Une fille qui semble si jeune peut-elle être mariée ? Et gauchère, puisque l’anneau de mariage se porte à la main gauche ? Pourtant c’est bien sa main droite qui écrit : à moins que PCB ait voulu dessiner, non pas directement la jeune fille, mais son reflet dans un miroir ? Tout cela semble bien compliqué…
D’autant que d’autres pastels de PCB montrent des danseuses très jeunes avec le même anneau d’or à la main droite. A l’époque, la signification de ce détail était claire : ce ne peut être qu’un anneau de fiançailles. Et le thème de la petite fiancée émouvait tout en émoustillant.
Le mot et son sens
Portons maintenant notre attention sur cette fameuse lettre.
Vu de loin, il semblerait logique que la feuille soit orientée face à la danseuse, parallèlement à l’écritoire. Mais dans ce cas pourquoi la plume se trouve-t-elle en milieu de page, sans rien de lisible au-dessus ? De plus, la main qui tient la plume fait obstacle à l’écriture. Et le bas de page, maintenu par l’autre main, est recouvert par le tutu : manière très sûre de le tâcher !
Vu de près, on se rend compte que la feuille est en fait orientée perpendiculairement à l’écritoire. Ainsi, la main ne fait plus obstacle et la plume se trouve dans le coin en haut à gauche de la page : la jeune fille n’ a pas encore commencé à écrire. Quant au tutu, qui se retrouve sur le bord gauche de la feuille, il risque moins d’être tâché.
Une position impossible
Le plateau du guéridon doit être assez profond pour contenir, du fond vers l’avant, l’écritoire, l’avant-bras de la jeune fille et le haut de la feuille : on peut donc en déduire qu’il est de forme circulaire.

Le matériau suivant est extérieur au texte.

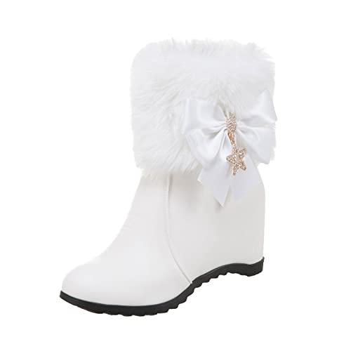 Botte Hiver Femme-Women's Boots — Dames Mode Cuir nœud Strass décoratif Fermeture éclair latérale à l'intérieur Haut Talon compensé Bottes Courtes en Coton (White- 42)
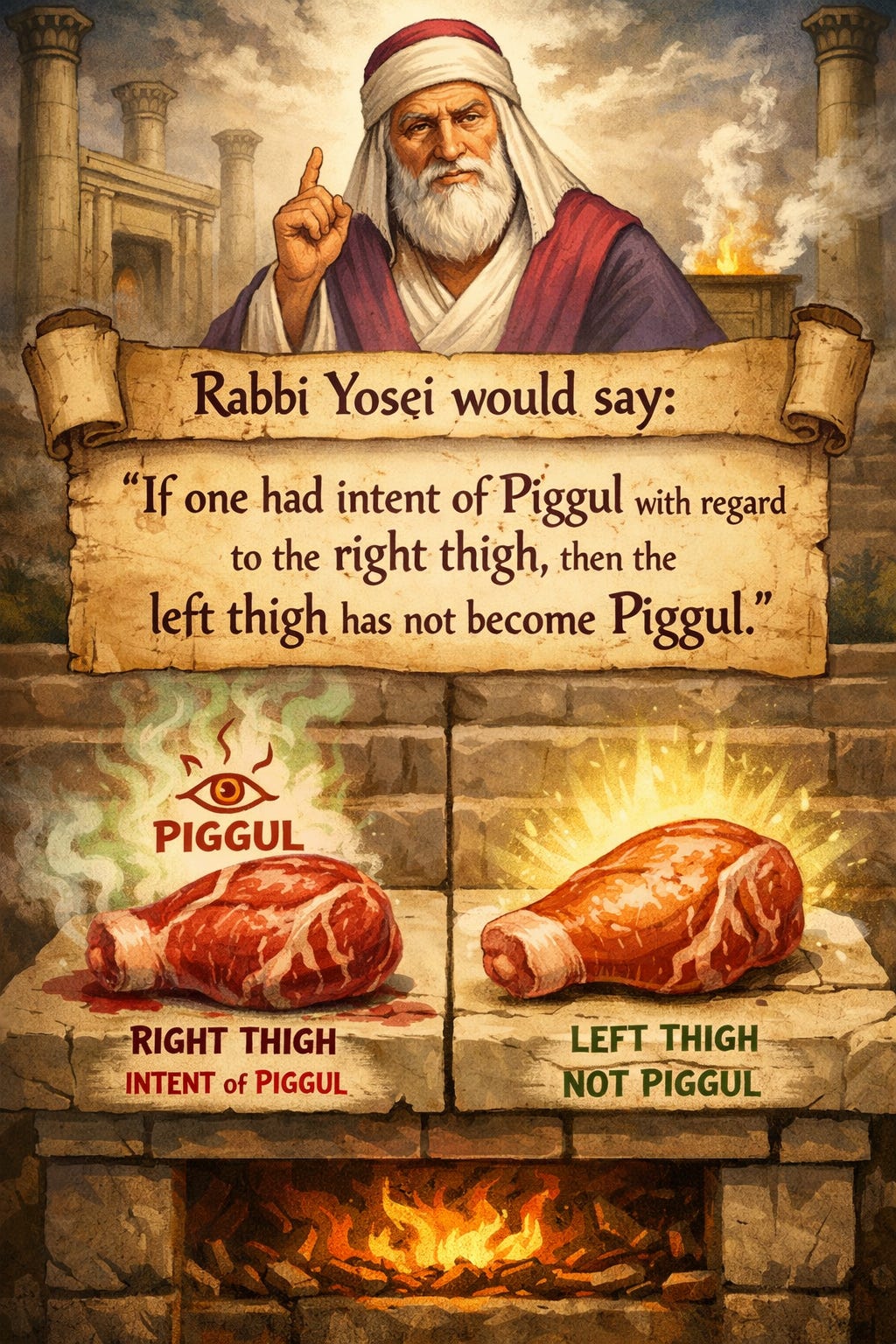 GEMARA: Rav Huna says: Rabbi Yosei would say, in accordance with his opinion that intent of piggul with regard to one loaf or one arrangement does not render the second loaf or arrangement piggul, that if one had intent of piggul with regard to the right thigh, i.e., he slaughtered an offering with the intent to partake of the right thigh the next day, then the left thigh has not become piggul and one is not liable to receive karet for its consumption. What is the reason for this? If you wish, propose a logical argument, and if you wish, cite a verse.

Une première difficulté apparaît : même si le guéridon est plaqué contre le mur, la danseuse risque de pousser du coude l’écritoire et de la faire tomber. Risque qui devient une certitude lorsque nous remarquons un détail forcement voulu par l’artiste : un coin de la feuille est pris sous le parement de laiton. Puisque la feuille ne peut avancer, la main est forcée de reculer : PCB a placé son innocente jeune fille dans une machine à casser la porcelaine !
Seconde difficulté, encore plus sérieuse : dans cette position, il est en fait impossible d’écrire, puisque la main ne peut pas aller du papier à l’encrier.
Une danseuse qui n’écrit pas
Soit PCB a conçu une composition boiteuse, chose parfaitement possible chez cet artiste prolifique ; soit il voulu mettre en scène délibérément une danseuse qui n’écrit pas.
Deux détails semblent le confirmer : la feuille coincée sous le bord, qui attire l’attention sur la position impossible de l’avant-bras, coincé entre la lettre et l’encrier (mais pas de risque de le casser l’encrier si la fille ne bouge pas le bras) ; et le tutu coincé sur le papier ( pas de risque de le tâcher si la plume ne contient pas d’encre).
PCB a donc réussi le tour de force de nous prouver par A plus B que le véritable titre n’est pas Une danseuse écrivant, mais Une danseuse qui fait semblant d’écrire.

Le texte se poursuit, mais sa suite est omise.